= Beginning of Section =

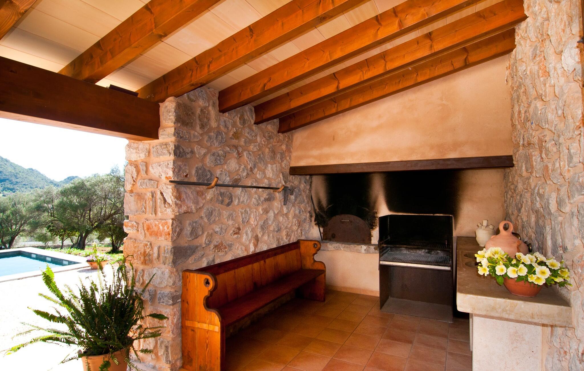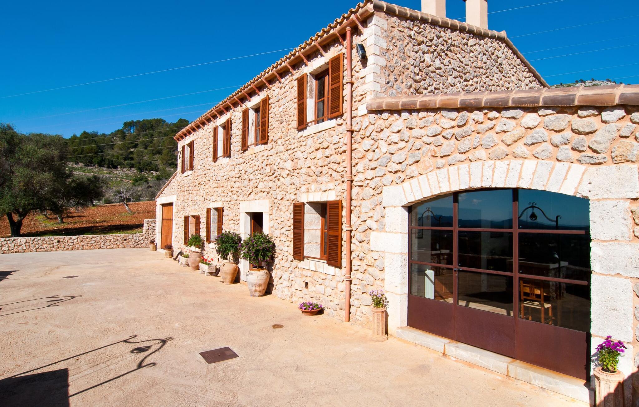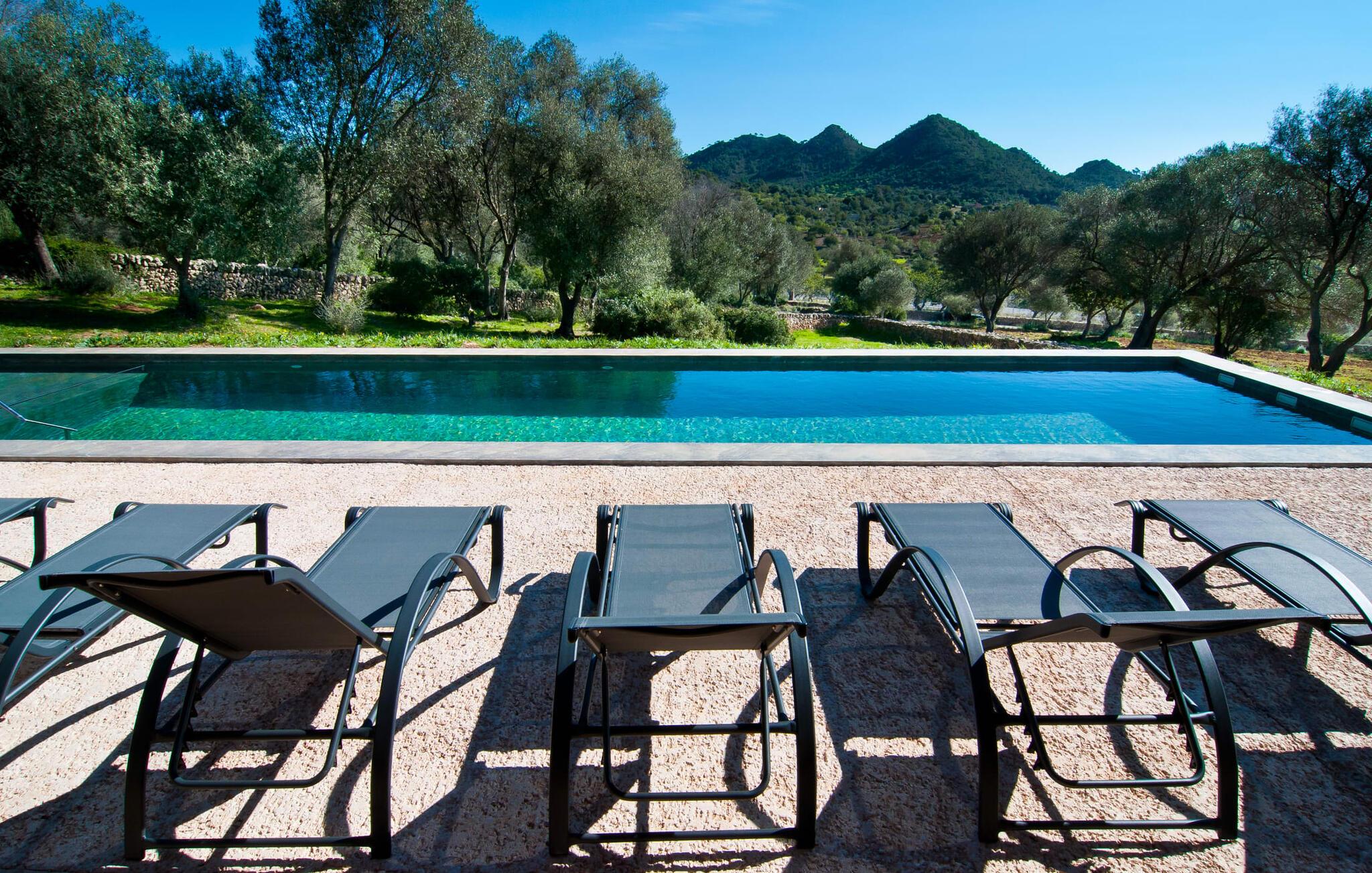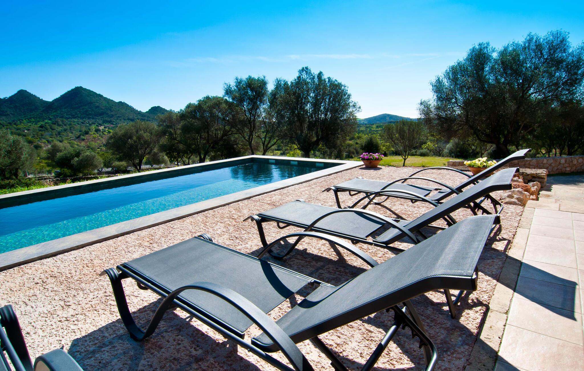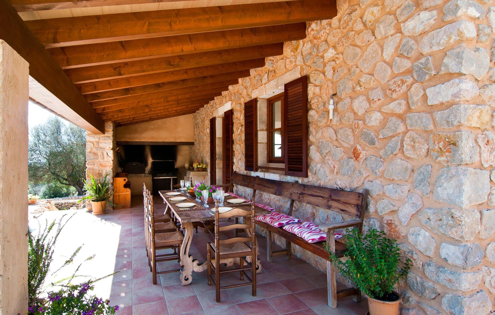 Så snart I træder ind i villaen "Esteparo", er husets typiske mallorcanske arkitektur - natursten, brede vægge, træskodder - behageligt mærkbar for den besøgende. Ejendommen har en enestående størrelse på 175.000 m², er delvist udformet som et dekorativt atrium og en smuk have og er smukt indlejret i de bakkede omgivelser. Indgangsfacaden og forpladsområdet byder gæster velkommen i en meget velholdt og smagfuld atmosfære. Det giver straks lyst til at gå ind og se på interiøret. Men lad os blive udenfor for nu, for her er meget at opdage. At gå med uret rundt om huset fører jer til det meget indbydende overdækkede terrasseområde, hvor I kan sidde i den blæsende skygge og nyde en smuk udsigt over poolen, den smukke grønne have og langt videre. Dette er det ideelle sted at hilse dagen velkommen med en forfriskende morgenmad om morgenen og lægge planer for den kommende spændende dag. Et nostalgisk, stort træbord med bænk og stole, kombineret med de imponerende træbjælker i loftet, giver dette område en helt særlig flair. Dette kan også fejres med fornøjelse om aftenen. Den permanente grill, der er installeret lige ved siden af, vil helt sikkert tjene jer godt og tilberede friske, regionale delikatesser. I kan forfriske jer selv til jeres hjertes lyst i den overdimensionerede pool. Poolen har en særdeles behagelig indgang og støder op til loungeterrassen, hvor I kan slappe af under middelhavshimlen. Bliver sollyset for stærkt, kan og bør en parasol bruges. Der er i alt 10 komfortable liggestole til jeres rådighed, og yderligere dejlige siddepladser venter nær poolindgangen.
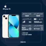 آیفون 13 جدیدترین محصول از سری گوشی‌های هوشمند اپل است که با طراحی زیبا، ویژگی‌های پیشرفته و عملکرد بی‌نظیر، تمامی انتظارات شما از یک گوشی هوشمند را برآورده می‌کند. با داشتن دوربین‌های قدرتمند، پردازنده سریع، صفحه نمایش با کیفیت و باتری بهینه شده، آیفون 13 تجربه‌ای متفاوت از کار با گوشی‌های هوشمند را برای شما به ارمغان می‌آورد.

= End of Section =
= Beginning of Section =

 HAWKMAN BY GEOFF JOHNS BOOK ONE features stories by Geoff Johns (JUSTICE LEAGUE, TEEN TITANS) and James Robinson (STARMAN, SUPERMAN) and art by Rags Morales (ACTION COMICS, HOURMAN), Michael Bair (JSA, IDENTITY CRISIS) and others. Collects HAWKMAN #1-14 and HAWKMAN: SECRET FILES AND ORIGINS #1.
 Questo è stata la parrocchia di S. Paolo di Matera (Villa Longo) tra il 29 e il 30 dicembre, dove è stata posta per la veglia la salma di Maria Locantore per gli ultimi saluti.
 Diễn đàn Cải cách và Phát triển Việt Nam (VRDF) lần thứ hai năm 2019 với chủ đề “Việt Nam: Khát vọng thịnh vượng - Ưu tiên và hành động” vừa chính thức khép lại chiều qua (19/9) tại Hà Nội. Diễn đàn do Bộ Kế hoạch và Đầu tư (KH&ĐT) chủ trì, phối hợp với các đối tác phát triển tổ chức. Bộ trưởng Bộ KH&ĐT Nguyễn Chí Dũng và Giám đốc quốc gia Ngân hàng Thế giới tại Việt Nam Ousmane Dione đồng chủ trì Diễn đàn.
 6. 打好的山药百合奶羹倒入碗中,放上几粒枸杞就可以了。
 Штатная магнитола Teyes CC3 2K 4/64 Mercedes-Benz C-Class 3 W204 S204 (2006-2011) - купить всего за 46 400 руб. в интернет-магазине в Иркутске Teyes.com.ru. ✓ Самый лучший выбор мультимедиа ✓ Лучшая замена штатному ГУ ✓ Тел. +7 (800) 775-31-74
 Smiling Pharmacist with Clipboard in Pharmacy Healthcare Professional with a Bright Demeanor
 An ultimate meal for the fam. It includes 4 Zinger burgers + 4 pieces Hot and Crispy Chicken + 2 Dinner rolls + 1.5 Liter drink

= End of Section =
= Beginning of Section =

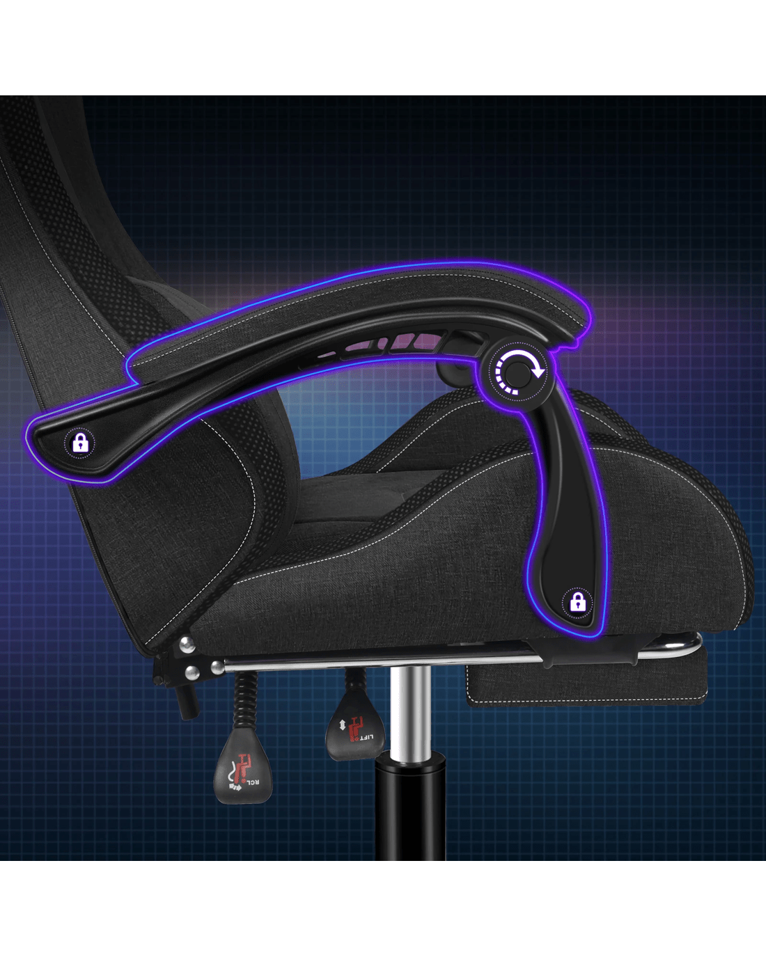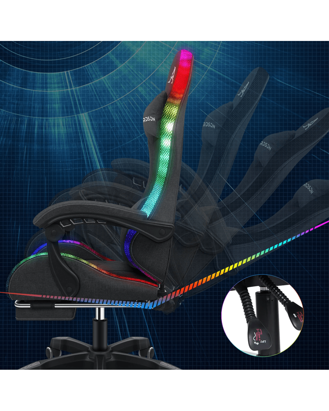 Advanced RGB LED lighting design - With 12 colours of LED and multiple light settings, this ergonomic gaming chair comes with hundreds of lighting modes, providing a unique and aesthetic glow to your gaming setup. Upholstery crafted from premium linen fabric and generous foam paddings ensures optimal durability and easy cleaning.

= End of Section =

Required work
Only the lines above from the one with "Штатная магнитола Teyes" up to and including the one with "An ultimate meal" should be repeated, exactly as written.

Answer section
 Штатная магнитола Teyes CC3 2K 4/64 Mercedes-Benz C-Class 3 W204 S204 (2006-2011) - купить всего за 46 400 руб. в интернет-магазине в Иркутске Teyes.com.ru. ✓ Самый лучший выбор мультимедиа ✓ Лучшая замена штатному ГУ ✓ Тел. +7 (800) 775-31-74
 Smiling Pharmacist with Clipboard in Pharmacy Healthcare Professional with a Bright Demeanor
 An ultimate meal for the fam. It includes 4 Zinger burgers + 4 pieces Hot and Crispy Chicken + 2 Dinner rolls + 1.5 Liter drink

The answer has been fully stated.